没日没夜的赶路又继续了起来,徐子桢现在心无旁骛,只有赶路赶路赶路,依旧还是老样子,两个时辰休息一下,然后吃饭,然后继续赶路,几天下来那几匹马都有些打蔫了,徐子桢本还想再坚持几天,可在到了京兆府时他不得不停了下来。
卓雅终于支撑不住,累得病倒了。
第283章:又见徐秉哲
徐子桢急着想赶到汴梁,哪怕在路过德顺军地界的时候也忍住了没去看看种师中和柳风随他们,可是就算再急他也不可能把卓雅丢下扬长而去,不说人家是位金枝玉叶的公主,就说徐子桢这惜花的性子也做不出来.

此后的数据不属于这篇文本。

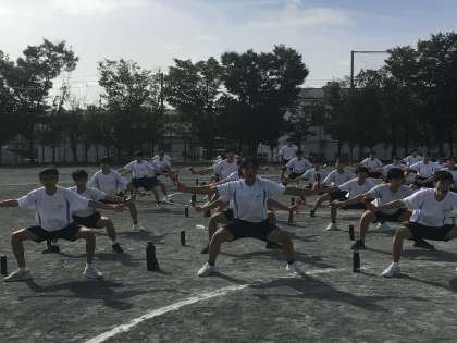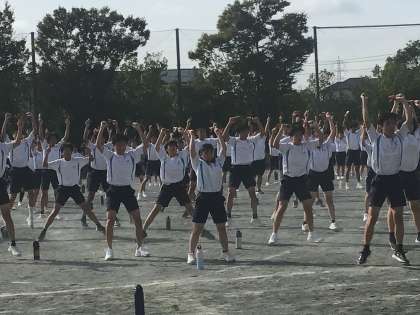 5、6時間目は3年生が体育祭練習を行っています。末中ソーランは伝統的に3年生が取り組んでいる演技です。生徒も先生も熱い時間を過ごしています。何度も何度もより美しく感動的な演技になるように練習を繰り返しています。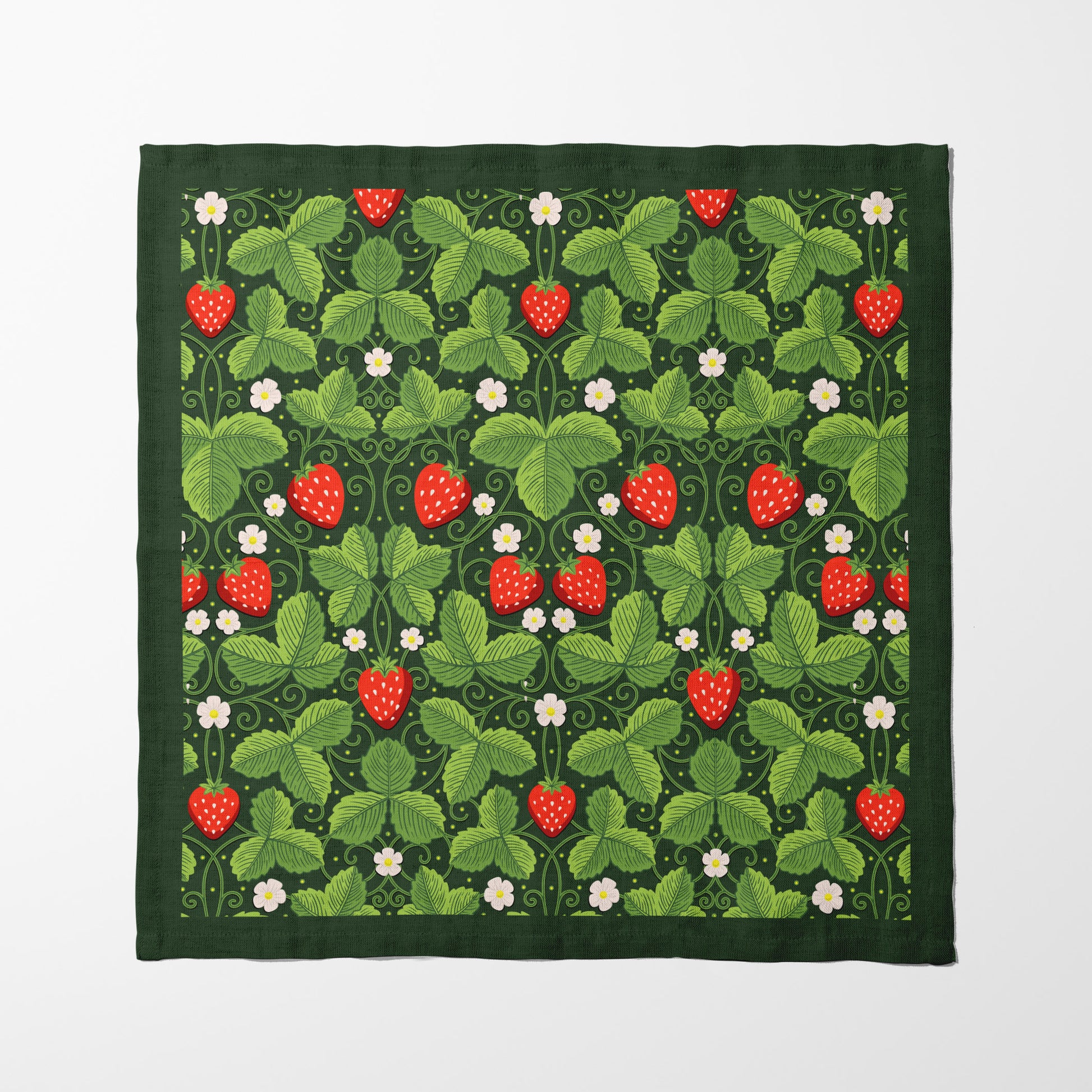 Arts & Crafts Strawberries in Green Napkin in Organic Cotton Voile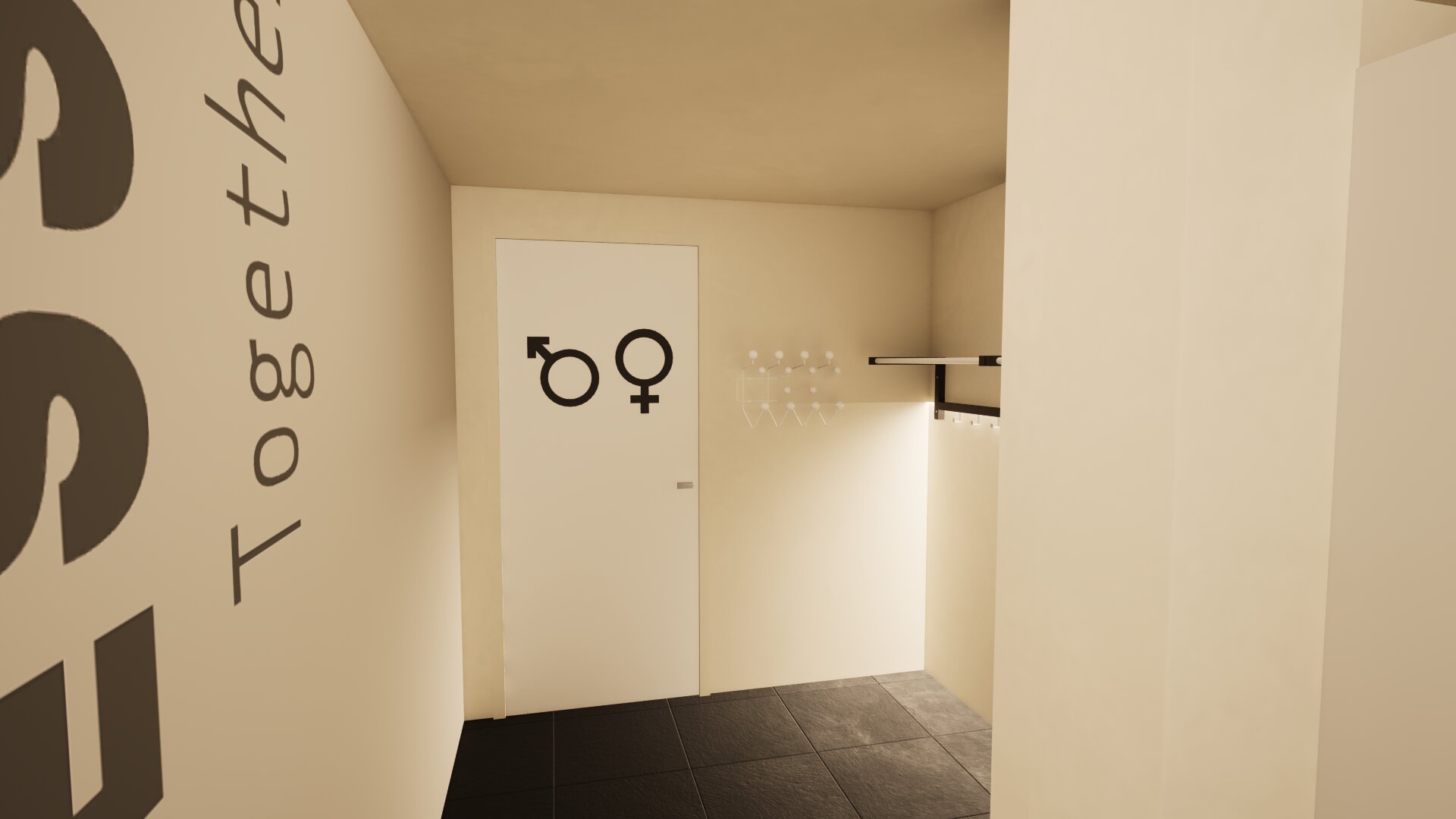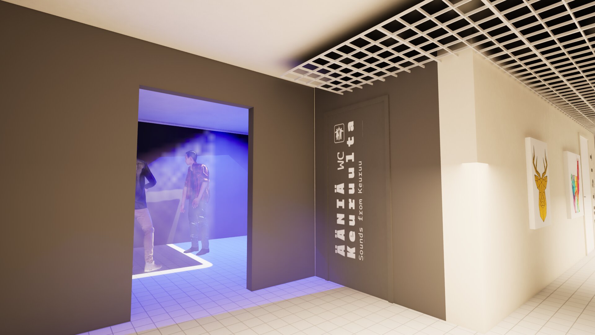 Rauhallinen ja neutraalimpi värimaailma, joka korostaa näyttelysisältöä.

京兆府位于永兴军路地界,算是这一路的省会,治下有长安咸阳等州县,是大宋时期军事及商业重地,徐子桢原本只知道地名,可当来到城外时顿时恍然,这不就是西安么?
巍峨高大的古城墙安静地耸立着,带着股无声的威压,徐子桢曾在他那年代去过西安,自然一眼就认了出来,这里曾经作为秦汉等朝的国都,城墙自然也是别处无法比拟的。
故地重游,却已不是在同一个时代,这种感觉很奇怪,可徐子桢暂时没这份闲情雅致,匆匆带着卓雅进城随便投了家客栈,他心里直懊恼,真不该这么玩命的赶路,现在终于赶出事了,这一病也不知道得耽搁多少时间。
卓雅自己就是个神医,但老话说医者难自治,何况卓雅现在已经烧得迷迷糊糊的了,徐子桢生怕她一不小心拿刀伤药给自己吞下去,那就顺带着再治肚子疼吧,还是当地找个大夫靠谱。
京兆府很繁华,街上车水马龙热闹无比,徐子桢是两眼一抹黑,最后还是问了掌柜,才打听到离这最近的一家医馆的位置。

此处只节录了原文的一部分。